»»

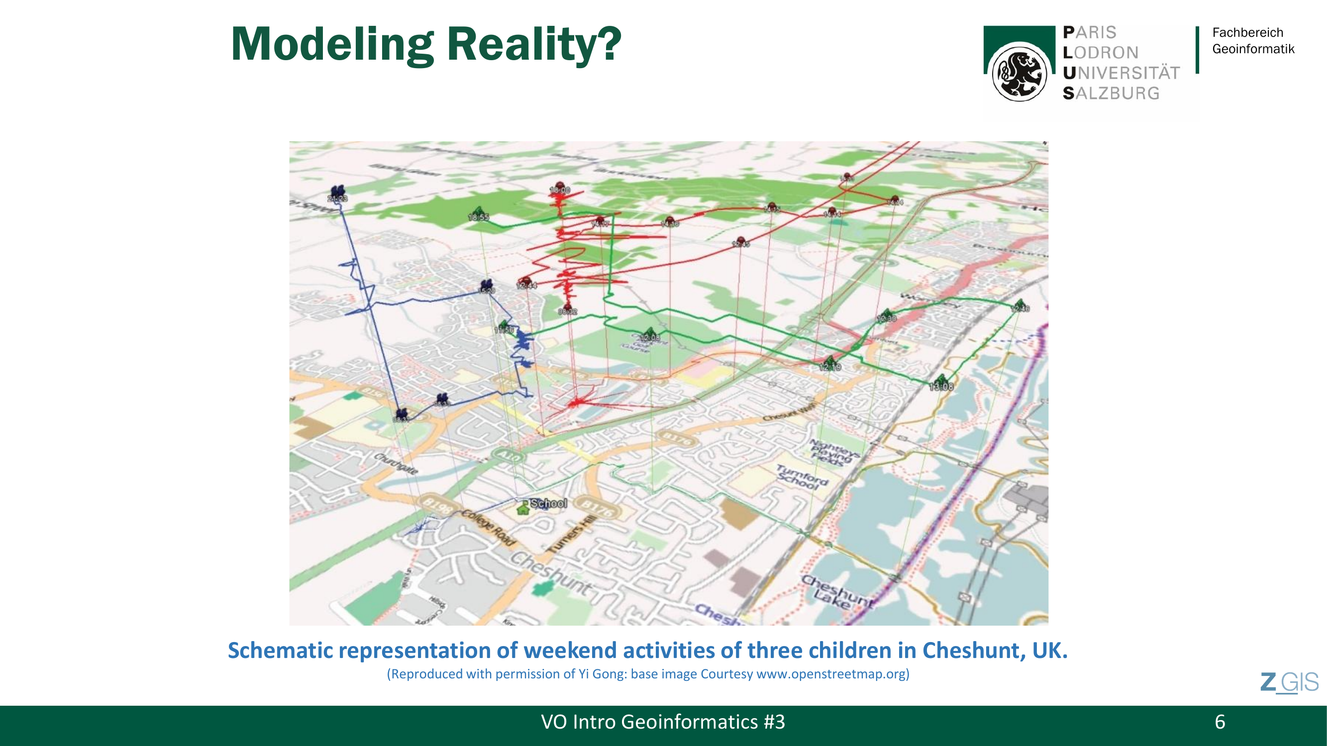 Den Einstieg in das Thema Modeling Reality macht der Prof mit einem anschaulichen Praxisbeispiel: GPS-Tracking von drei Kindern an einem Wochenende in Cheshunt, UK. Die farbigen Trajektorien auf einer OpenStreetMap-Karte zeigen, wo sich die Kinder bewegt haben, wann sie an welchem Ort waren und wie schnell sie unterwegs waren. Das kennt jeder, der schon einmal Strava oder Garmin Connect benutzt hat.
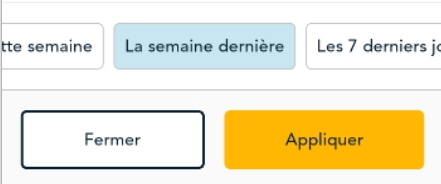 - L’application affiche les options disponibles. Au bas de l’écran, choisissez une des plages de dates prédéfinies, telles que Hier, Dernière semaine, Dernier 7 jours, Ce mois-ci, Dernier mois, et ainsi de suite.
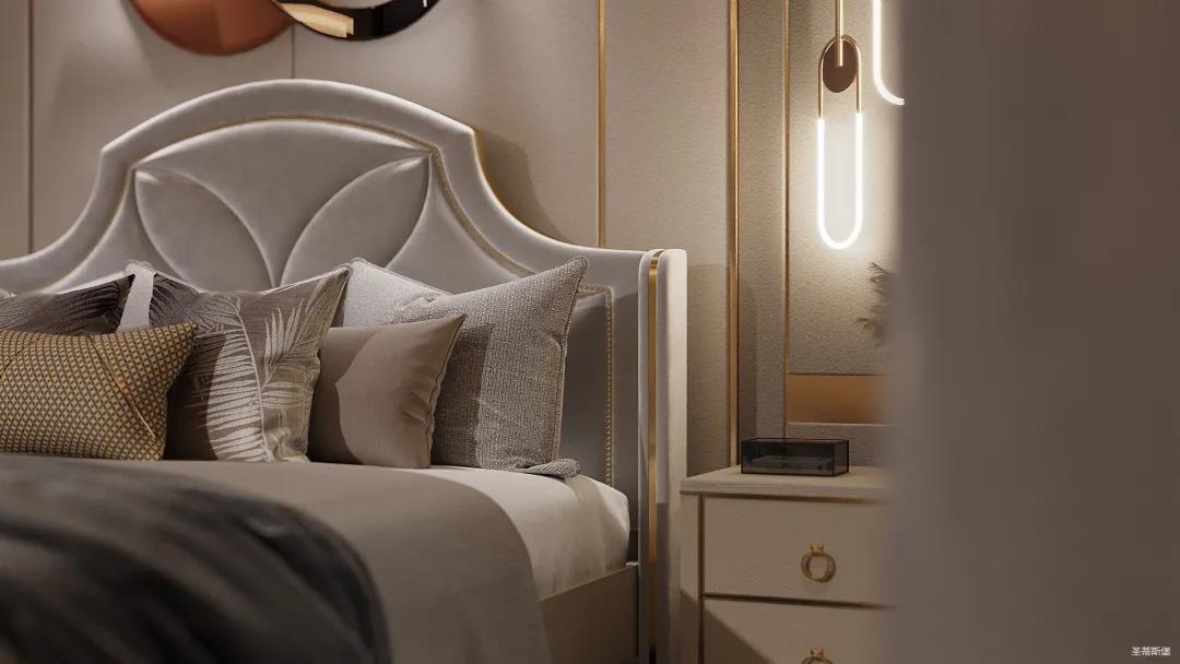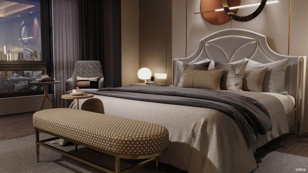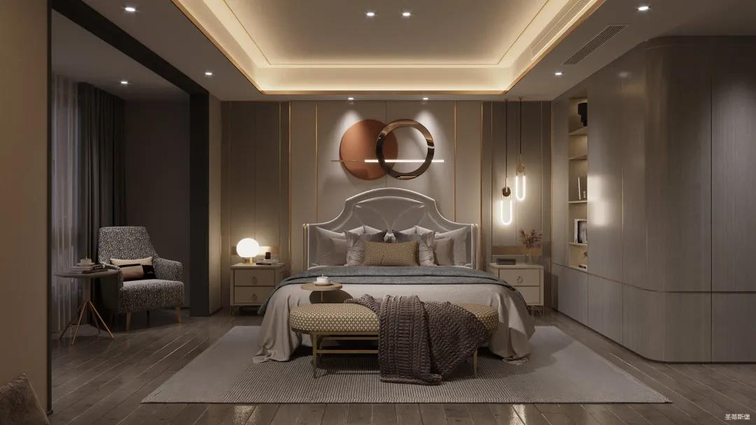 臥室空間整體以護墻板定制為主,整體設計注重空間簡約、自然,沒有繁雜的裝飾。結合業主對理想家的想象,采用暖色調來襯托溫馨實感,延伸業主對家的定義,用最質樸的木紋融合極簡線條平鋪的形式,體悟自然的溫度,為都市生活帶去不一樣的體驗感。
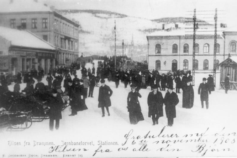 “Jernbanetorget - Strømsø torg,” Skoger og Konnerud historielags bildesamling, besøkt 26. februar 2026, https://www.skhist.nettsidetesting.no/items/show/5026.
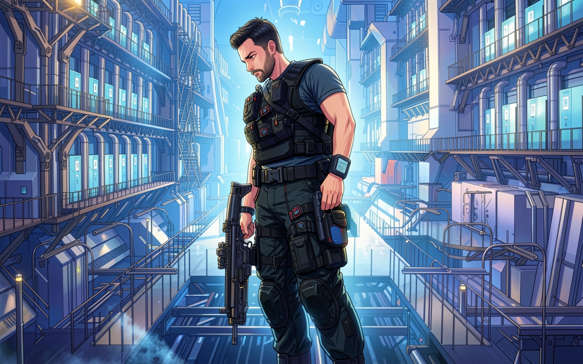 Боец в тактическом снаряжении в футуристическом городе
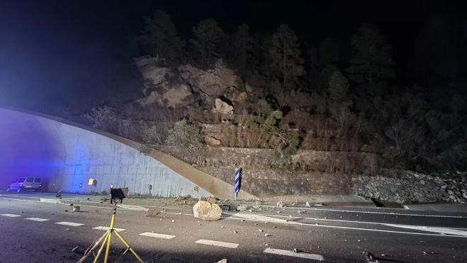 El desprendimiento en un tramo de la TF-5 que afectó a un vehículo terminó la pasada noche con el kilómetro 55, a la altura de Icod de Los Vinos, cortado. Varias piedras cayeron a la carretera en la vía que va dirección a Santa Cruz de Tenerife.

««
»»

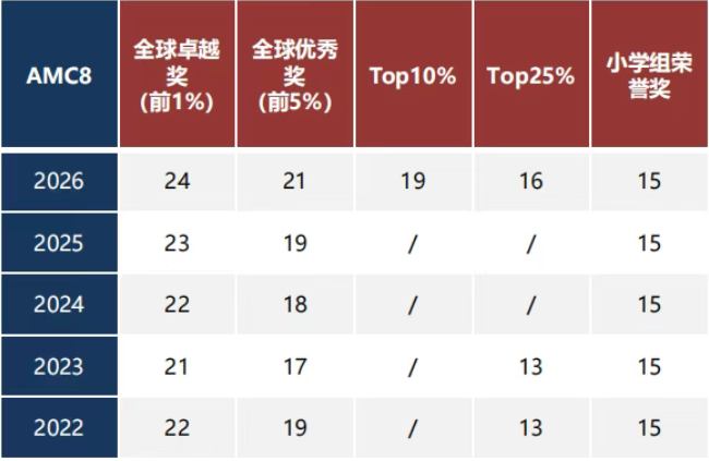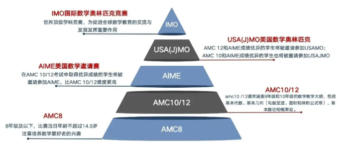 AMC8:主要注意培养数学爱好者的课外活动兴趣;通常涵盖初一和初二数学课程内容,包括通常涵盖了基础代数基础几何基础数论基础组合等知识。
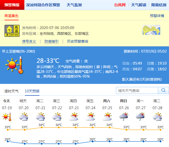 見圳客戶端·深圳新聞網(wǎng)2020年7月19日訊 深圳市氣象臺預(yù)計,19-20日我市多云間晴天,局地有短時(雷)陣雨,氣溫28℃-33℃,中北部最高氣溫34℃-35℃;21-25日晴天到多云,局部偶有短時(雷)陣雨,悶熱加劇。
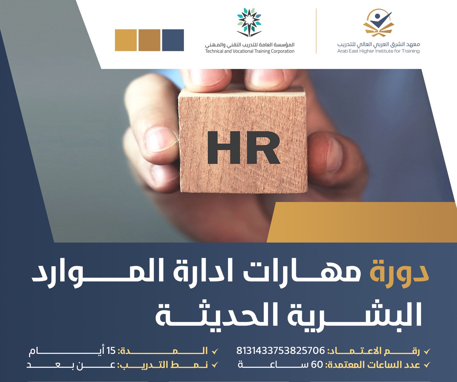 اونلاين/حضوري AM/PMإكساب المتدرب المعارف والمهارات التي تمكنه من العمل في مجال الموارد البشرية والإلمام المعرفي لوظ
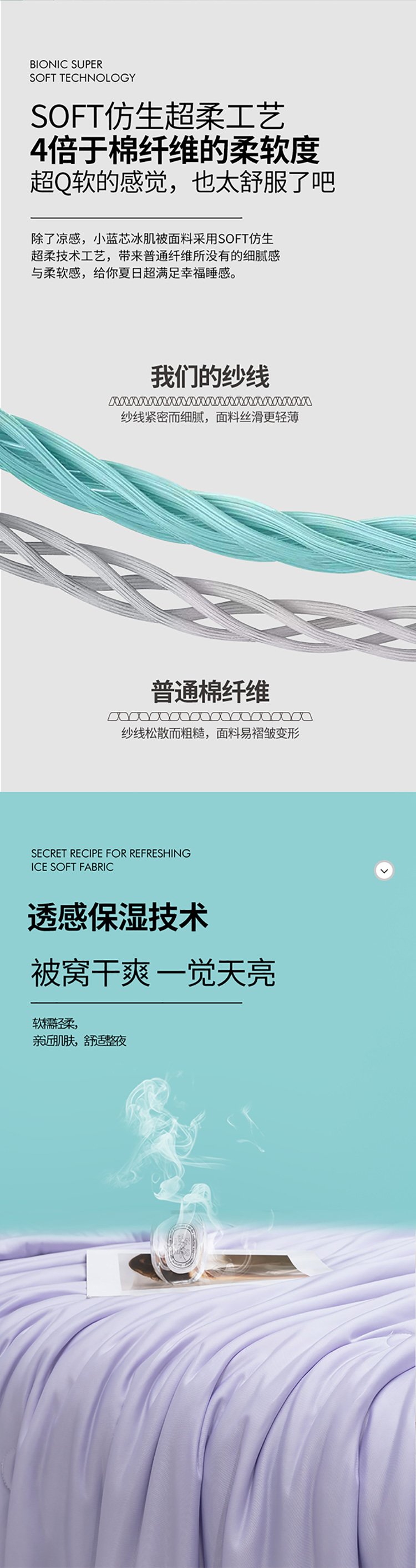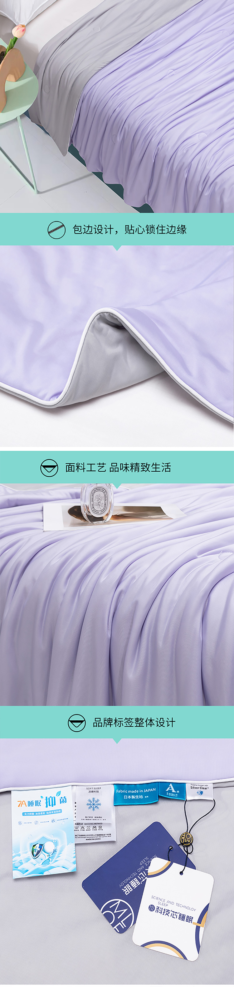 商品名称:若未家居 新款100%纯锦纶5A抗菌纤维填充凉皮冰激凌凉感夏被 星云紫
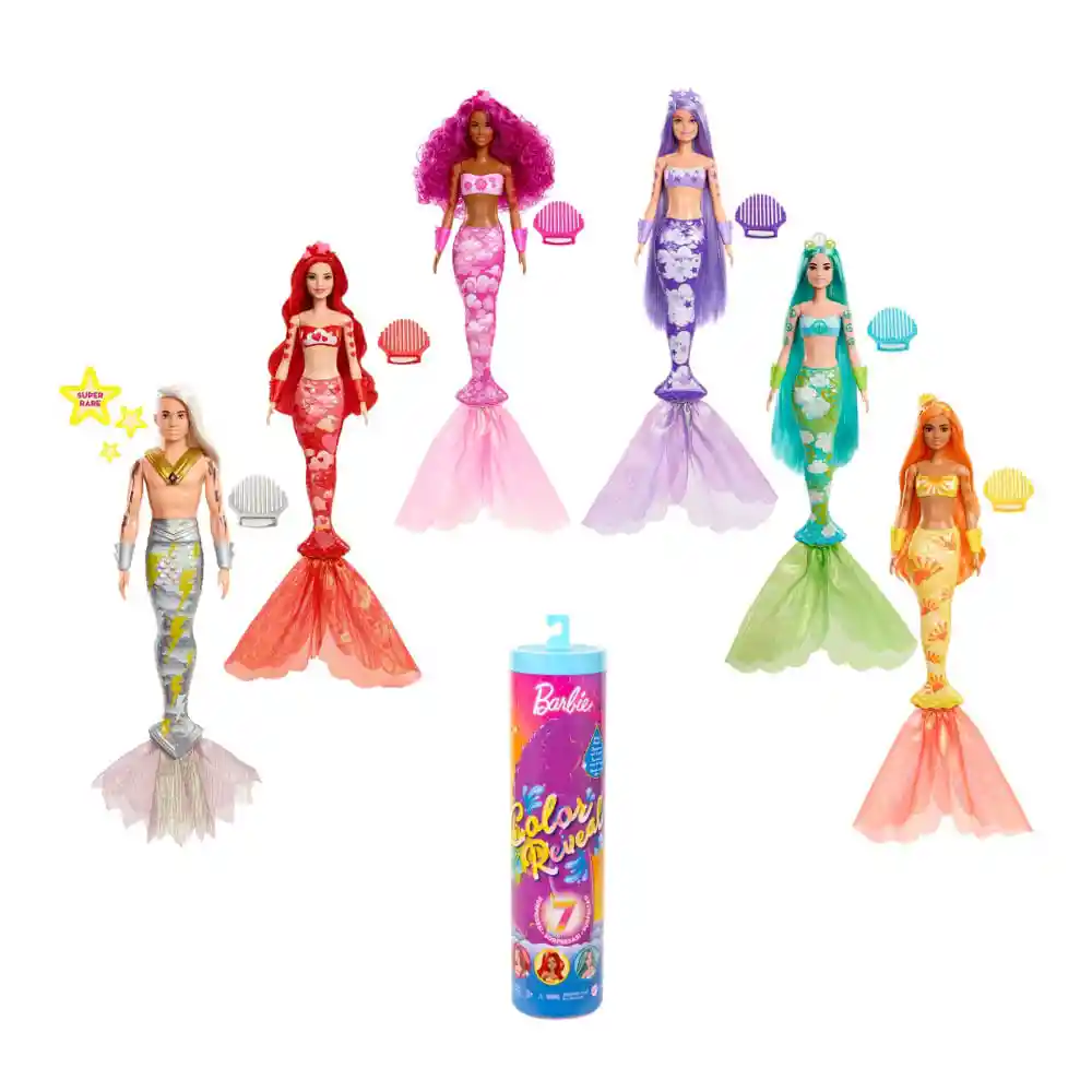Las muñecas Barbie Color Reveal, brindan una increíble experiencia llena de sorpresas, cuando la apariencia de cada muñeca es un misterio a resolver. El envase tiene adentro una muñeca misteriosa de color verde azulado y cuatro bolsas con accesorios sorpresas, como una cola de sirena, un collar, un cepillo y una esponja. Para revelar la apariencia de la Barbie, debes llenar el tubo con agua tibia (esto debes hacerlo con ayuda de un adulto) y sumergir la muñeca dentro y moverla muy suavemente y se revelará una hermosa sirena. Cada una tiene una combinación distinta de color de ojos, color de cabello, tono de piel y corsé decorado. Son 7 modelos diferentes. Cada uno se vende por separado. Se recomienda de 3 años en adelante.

««
»»

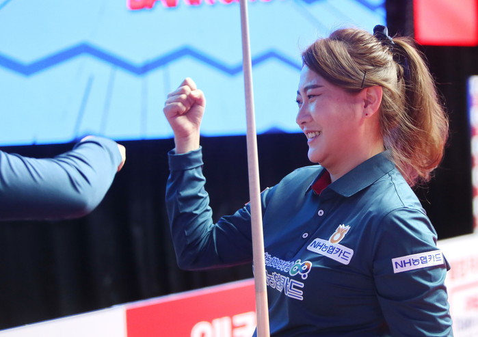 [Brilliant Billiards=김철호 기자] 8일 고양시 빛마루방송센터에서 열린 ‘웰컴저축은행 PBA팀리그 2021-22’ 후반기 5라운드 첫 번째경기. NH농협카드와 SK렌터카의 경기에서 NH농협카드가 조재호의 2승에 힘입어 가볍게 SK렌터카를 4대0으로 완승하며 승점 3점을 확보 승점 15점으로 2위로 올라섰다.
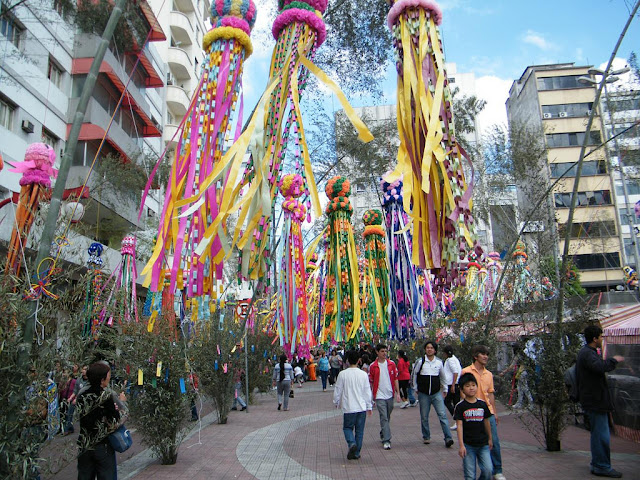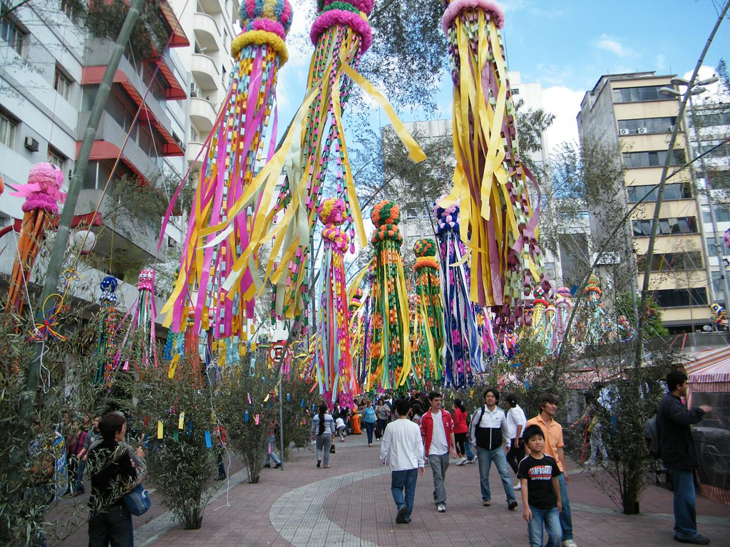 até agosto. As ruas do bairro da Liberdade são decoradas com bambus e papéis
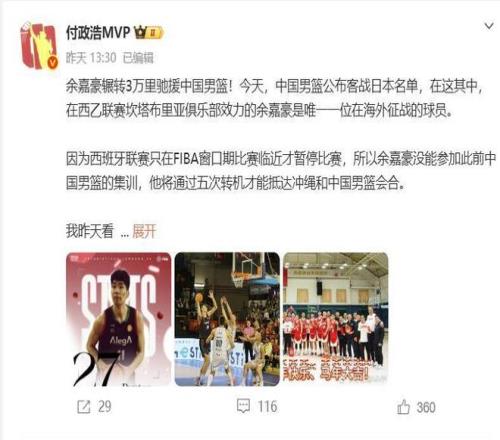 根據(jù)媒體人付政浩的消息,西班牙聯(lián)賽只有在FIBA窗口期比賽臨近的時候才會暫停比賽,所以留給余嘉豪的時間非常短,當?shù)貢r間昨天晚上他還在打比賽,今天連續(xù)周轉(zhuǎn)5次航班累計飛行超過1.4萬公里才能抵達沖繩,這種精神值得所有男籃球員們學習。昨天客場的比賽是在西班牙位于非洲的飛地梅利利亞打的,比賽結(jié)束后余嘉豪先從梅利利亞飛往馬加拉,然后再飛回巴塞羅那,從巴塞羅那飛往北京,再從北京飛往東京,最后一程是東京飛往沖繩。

««

_Exercise description:_ Every line above in the stretch from the one with "- L’application affiche" through the one with "Боец в тактическом" is to be transcribed exactly, ends included. No picture is copied.

_Answer to the exercise:_
 - L’application affiche les options disponibles. Au bas de l’écran, choisissez une des plages de dates prédéfinies, telles que Hier, Dernière semaine, Dernier 7 jours, Ce mois-ci, Dernier mois, et ainsi de suite.
 臥室空間整體以護墻板定制為主,整體設計注重空間簡約、自然,沒有繁雜的裝飾。結合業主對理想家的想象,采用暖色調來襯托溫馨實感,延伸業主對家的定義,用最質樸的木紋融合極簡線條平鋪的形式,體悟自然的溫度,為都市生活帶去不一樣的體驗感。
 “Jernbanetorget - Strømsø torg,” Skoger og Konnerud historielags bildesamling, besøkt 26. februar 2026, https://www.skhist.nettsidetesting.no/items/show/5026.
 Боец в тактическом снаряжении в футуристическом городе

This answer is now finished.